Susanna Beard: Dare To Remember

dare-to-remember-cover

I received a free physical copy of this book from the publishers as part of their Legend100 Club in exchange for an honest review.

Reeling from a brutal attack that leaves her flatmate dead and her badly
injured, Lisa Fulbrook flees to the countryside to recuperate. With only
vague memories of the event, she isolates herself from her friends and
family, content to spend her days wandering the hills with her dog, Riley.

However, Lisa is soon plagued, not only by vivid flashbacks, but questions,
too: how did their assailant know them? Why were they attacked? And
what really happened that night?

As she desperately tries to piece together the memories, Lisa realises that
there’s another truth still hidden to her, a truth she can’t escape from. A
truth that may have been right in front of her all along.

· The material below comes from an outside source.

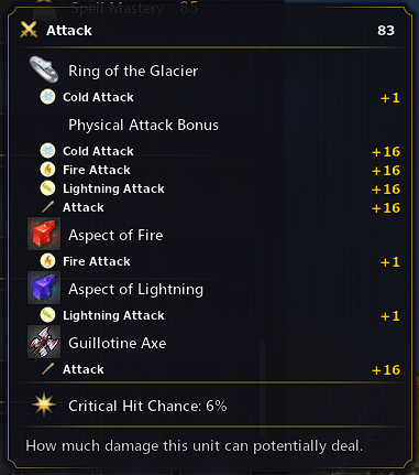 Hey, is it WAD that physical attack boni apply separately, indiscriminately and quite bountifully to each type of attack? My henchman Warrior (+3) has three Lethal abilities (+12) and additional banner bonus from a friendly Commander (+1), for a total of +16 attack bonus. I equipped him with a melee weapon and three trinkets adding +1 different elemental damage type each. The calculation is:
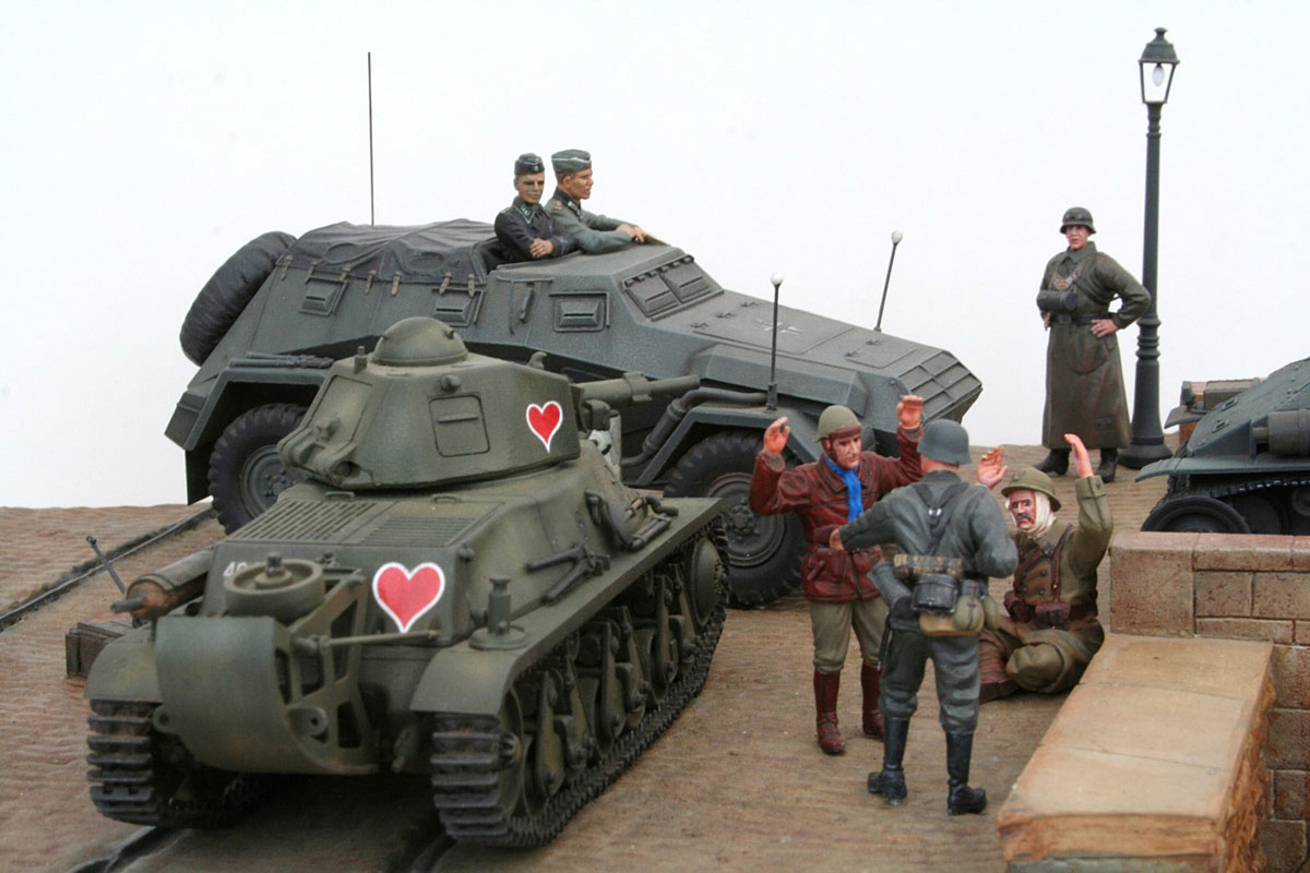 To represent the coordinated command structure and concentration of armour used by the Germans along with the French practice of dispersing its armour in support of infantry, I used a PzKpfw 35(t) in conjunction with a PzKpfw 247 command car passing an abandoned Hotchkiss 49 light tank. The German success was dependent on mobility with river and canal crossings being key objectives therefore the diorama was built around the capture of a bridge. The bridge is a Royal Models accessory, kit 347.

Dare To Remember is Susanna Beard’s debut novel; a psychological thriller following Lisa Fulbrook after she has relocated to a quiet village following the trauma she has experienced. After experiencing a near miss with death and losing her closest friend, Lisa cannot take being around everyone that was part of that life that has been taken away from her. Attempting a second chance at life, Lisa becomes plagued with flashbacks and nightmares that leave her questioning what truly happened that night and, underneath everything that she can remember, there is the question of what she can’t remember.

I had no expectations when heading into this novel, and that’s something I generally like to keep when it comes to thrillers and mystery’s. Once the suspense and the general plot-line has been divulged, I generally find it very hard to immerse myself and no longer feel the heart pumping, pulse racing sort of reaction expected of some of these novels. Dare To Remember is a brilliant psychological thriller that leaves you questioning everything that you are told regarding Lisa’s flashbacks and her memory. She herself admits to feeling unreliable in her account of what happened and you feel sympathy towards Lisa and her situation.

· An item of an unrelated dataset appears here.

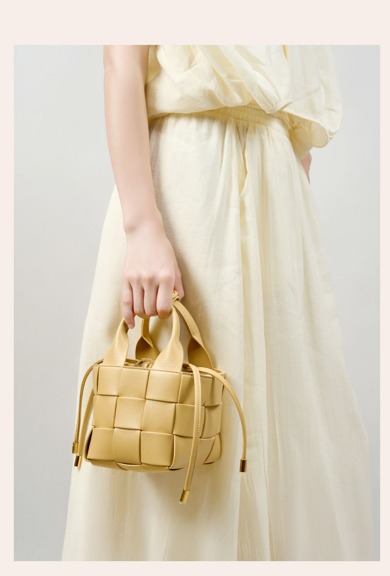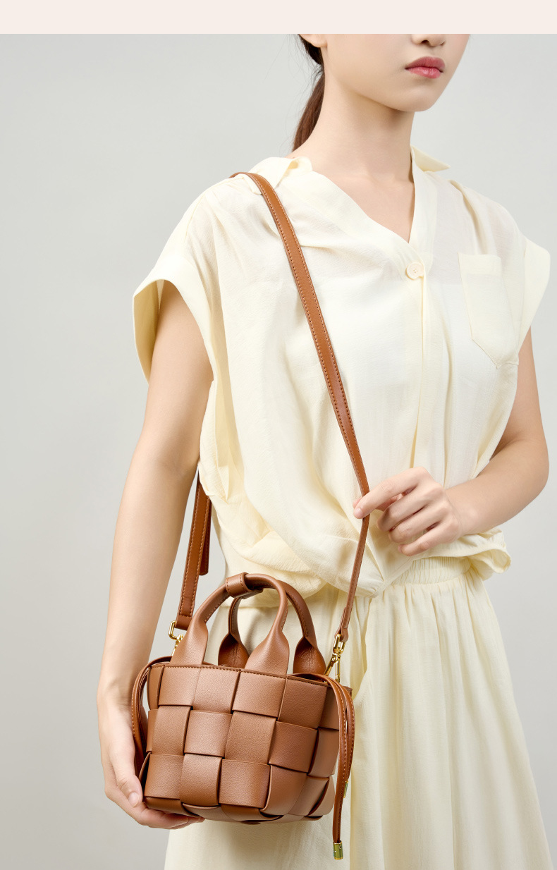 Túi được đan từ chất liệu da bò mềm mại, tạo nên vẻ đẹp thủ công tinh tế. Kiểu dáng hình giỏ xách, thân túi dạng thùng rộng rãi giúp bạn dễ dàng sắp xếp đồ đạc bên trong. Sản phẩm có hai cách mang linh hoạt: có thể đeo trên v hoặc khoác chéo người tùy theo sở thích và nhu cầu sử dụng. Đây là mẫu mã mới, phù hợp cho nhiều dịp trong ngày. Khi dùng, tránh để túi tiếp xúc trực tiếp với mưa hoặc các vật sắc nhọn. | Tên sản phẩm: Túi Xách Nữ Chất Liệu Da Bò - Túi Ví Nữ | Mã sản phẩm: A0453 - Giá: 1.490.000đ | Mã nhà sản xuất: GUDLE-G04Hình ảnh sản phẩm
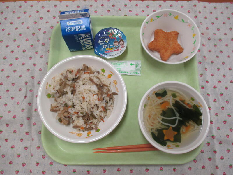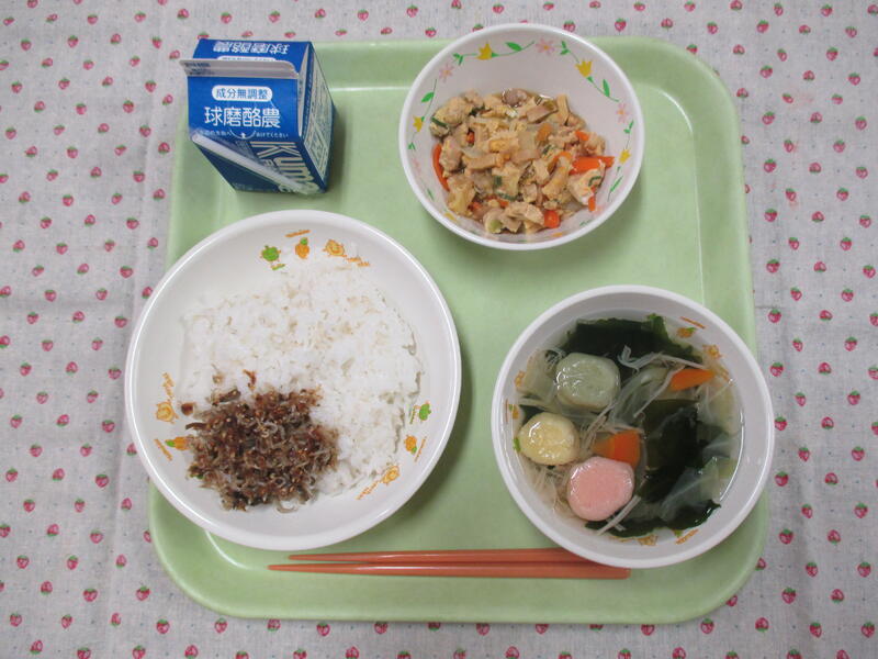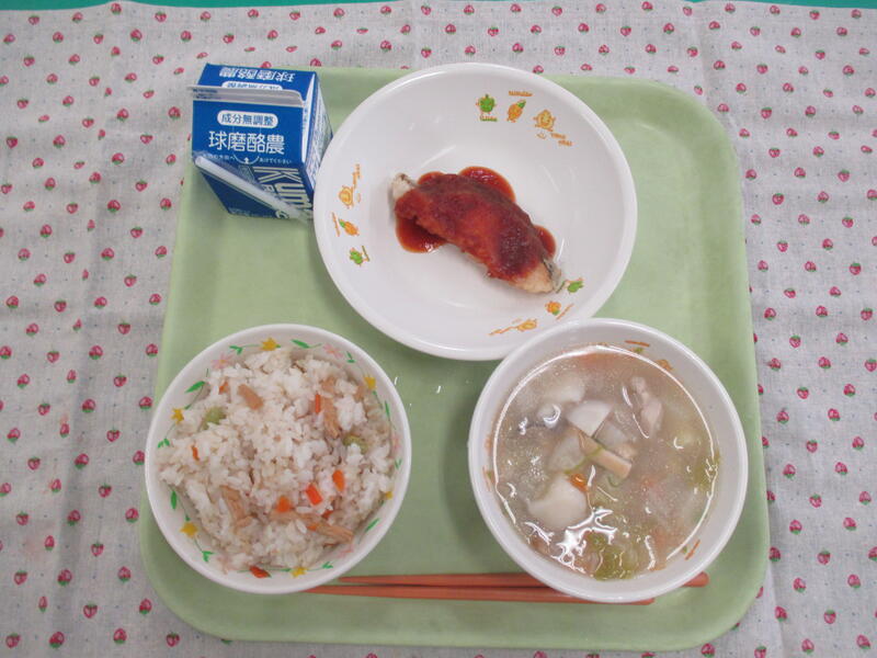 今日の献立は、まぜごはん、牛乳、きびなごのしょうがたれ、すまし汁でした。

As a character, Lisa is quiet and likes to keep to herself – preferring the company of the dog she acquired from her next door neighbour to that of human company. Though this is the case, she does keep in regular contact with her next door neighbour, an elderly man who doesn’t pry into her past and accepts her for who she is and how she helps. It is clear that the Lisa of the present is one entirely different to that of Lisa before the event, with her flashbacks and nightmares showing a woman who was lively and liked to socialise. Beard shows how such a traumatic event can truly impact someone’s life and how their whole personality can change. It is only thanks to the relationships she makes after this event that she is able to accept her situation and move forwards.

I really enjoyed the concept of the novel. Dare To Remember is well-paced, quick, and easy to read, and the writing and plot draws you into the narrative. I found it very hard to put this novel down as I just couldn’t help being drawn into Lisa’s life and trying to, at the same time as her, uncover the truth of the attack and what her mind had shrouded from her. The side characters were also interesting, all with their own traumas and incidents that have made them who they are, and I loved how they all interacted and how they affected events that were to take place, all of them helping each other in different ways.